Uçurtma Avcısı (The Kite Runner), Afganistan doğumlu Amerikalı yazar Halit Hüseyni'nin ilk romanıydı. 2003 yılında yayınlanan kitap, bir Afgan tarafından İngilizce yazılmış ilk romandı.
Uçurtma Avcısı, kısa sürede The New York Times'ın ‘en çok satanlar listesinde’ bir numaraya kadar yükseldi ve yazıldıktan dört yıl sonra da Amerikalı yapımcı Marc Forster tarafından filme aktarıldı.
Sinema tarafıyla ilgili yorum yapmayacağım ama kitap, hiç kuşku duymadan söylüyorum ki günümüz edebiyatının başyapıtlarından biri.

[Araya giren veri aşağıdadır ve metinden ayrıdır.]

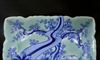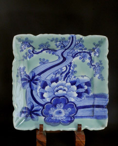 染付青磁・花図角皿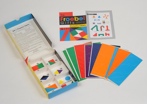 Studio : Froebel USA Publisher : Froebel USA Binding : Toy Product Description Seventh in a series of Froebel Gifts, this set represents the surfaces of the previous Gifts. Moving from 3-D to 2-D is the next level of abstraction. The child will learn recognize and name the various shapes, see similarities/differences, and experience patterns of symmetry. The 7th Gift guides children from constructing objects to representing them in two dimensions. Includes 172 glossy colored (heavy paperboard cardstock) pieces and an instruction booklet. The 7 different shapes include: Square (1" and 2") Equilateral triangle (1" and 2") Right-angled isosceles triangle (1" and 2") Right-angled scalene triangle Obtuse isosceles triangle Circle (2") Half circle (2") Each shape comes in a pair of complementary colors (orange/blue, red/green, yellow/purple, etc.). Jumbo versions of the circle, square and triangles are provided for younger children under age 4. 0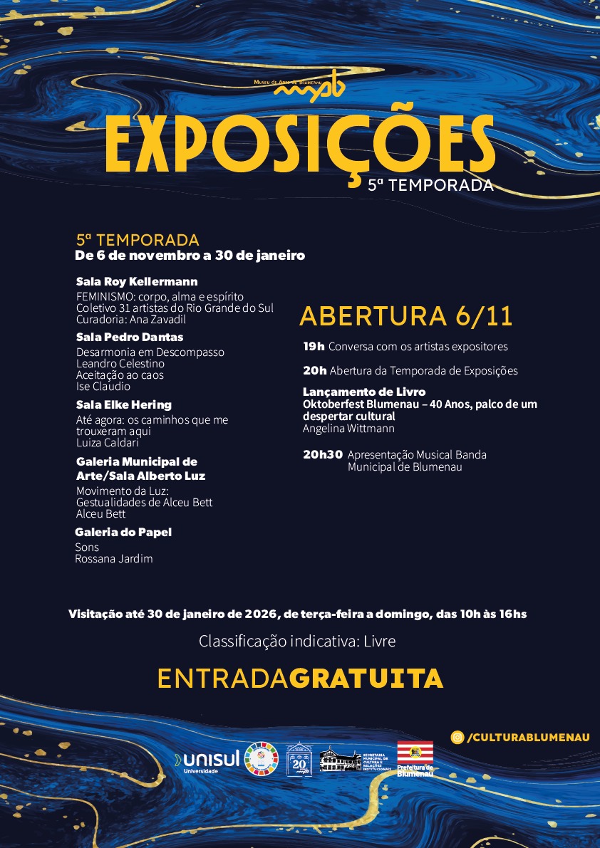 O Museu de Arte de Blumenau (MAB) realiza, no dia 6 de novembro de 2025, às 19h, a abertura da 5ª Temporada de Exposições, reunindo artistas de Santa Catarina, São Paulo, Goiás e Rio Grande do Sul,. A noite multicultural contará com a tradicional conversa com os artistas expositores e apresentação musical, e lançamento do livro Oktoberfest Blumenau – 40 Anos, palco de um despertar cultural” de autoria de Angelina Wittmann. A arte sendo celebrada em suas diversas linguagens.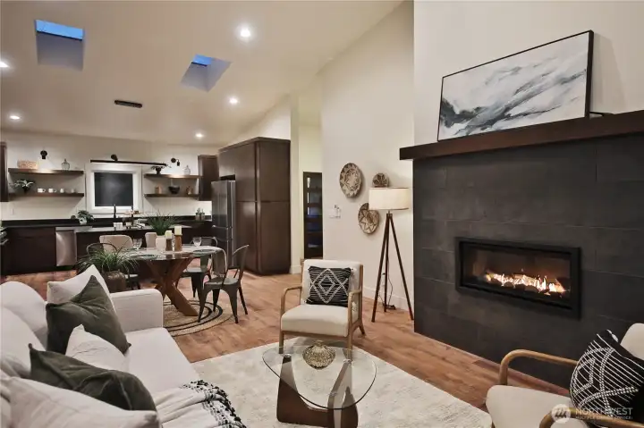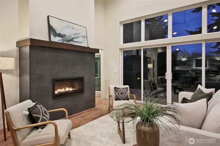 Cozy propane fireplace, and large windows bring the outdoors in.

O kitapta işte, harikulade bir günah tanımı var. Halit Hüseyni, kitabındaki ‘baba’ karakterine şu sözü söyletir:
‘Yalnızca bir günah vardır, tek bir günah…
O da hırsızlıktır….
Onun dışındaki bütün günahlar hırsızlığın çeşitlemesidir... Bir insanı öldürdüğün zaman, bir yaşamı çalmış olursun. Karısının elinden bir kocayı, çocuklarından bir babayı almış olursun. Yalan söylediğinde, birinin gerçeğe ulaşma hakkını çalarsın. Hile yaptığın, birini aldattığın zaman doğruluğu, haklılığı çalmış olursun. Kendisine ait olmayan bir şeyi -bu ister bir can olsun isterse bir dilim ekmek- alan insan âdidir!
Çalmaktan daha kötü bir suç yoktur...’
***
Şimdi kötülüklerle, suçlarla ve günahlarla örülü dünyamızda kendi gerçek, kendi ‘kurgusal olmayan’ günahlarımıza göz atmaya cesaretimiz var mı?

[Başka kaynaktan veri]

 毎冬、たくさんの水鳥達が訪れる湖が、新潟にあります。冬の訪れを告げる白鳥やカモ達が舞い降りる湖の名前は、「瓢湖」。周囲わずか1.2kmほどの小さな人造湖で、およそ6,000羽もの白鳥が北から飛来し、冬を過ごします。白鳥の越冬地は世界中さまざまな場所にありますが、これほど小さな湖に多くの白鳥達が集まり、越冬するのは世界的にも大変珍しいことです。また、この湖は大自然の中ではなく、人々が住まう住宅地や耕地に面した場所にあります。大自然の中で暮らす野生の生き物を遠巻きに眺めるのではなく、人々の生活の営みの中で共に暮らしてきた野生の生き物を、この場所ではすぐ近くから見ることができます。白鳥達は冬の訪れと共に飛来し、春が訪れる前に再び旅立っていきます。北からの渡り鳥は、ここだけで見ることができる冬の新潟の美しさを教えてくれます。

İtiraf etmeyi bir deneyelim isterseniz, hani dünyayı değiştiremezsek de belki azıcık rahatlarız:
Hüseyni’nin tanımına -en önemli günahın türlü varyasyonlarıyla hırsızlık olduğuna- inanmakla beraber, ben ‘fırsatçılığın’ da bir büyük günah olduğunu düşünüyorum.
Düşünsenize, ‘kelepir’ diye bir sözcük var dilimizde.
Ne demek bu?
Biri dara düştüğünde, zor durumdan kurtulmak için elinde avcunda olanı yok pahasına satmaya kalkıştığında satılığa çıkardığı o eşya, o mal, o mülk de kelepir oluyor: İhtiyaçtan acil satılık!
Halbuki vicdanlı insanların kültüründe dara düşene, elinde avcunda olanı yitirmeden evvel ‘Dur hele!’ demek vardı. ‘Dur hele, acele etme, bir hâl çaresine bakarız. Elimizden gelen yetmezse sonra satarsın malını mülkünü…’
Bitti değil mi?
Ne yazık ki o günler çoktan bitti.
Kapital, banka, kredi, faiz, tefeci, kelepirci derken insanın kendini her halükârda güvende hissetmesini sağlayan o kültür de çoktan tarihe karıştı…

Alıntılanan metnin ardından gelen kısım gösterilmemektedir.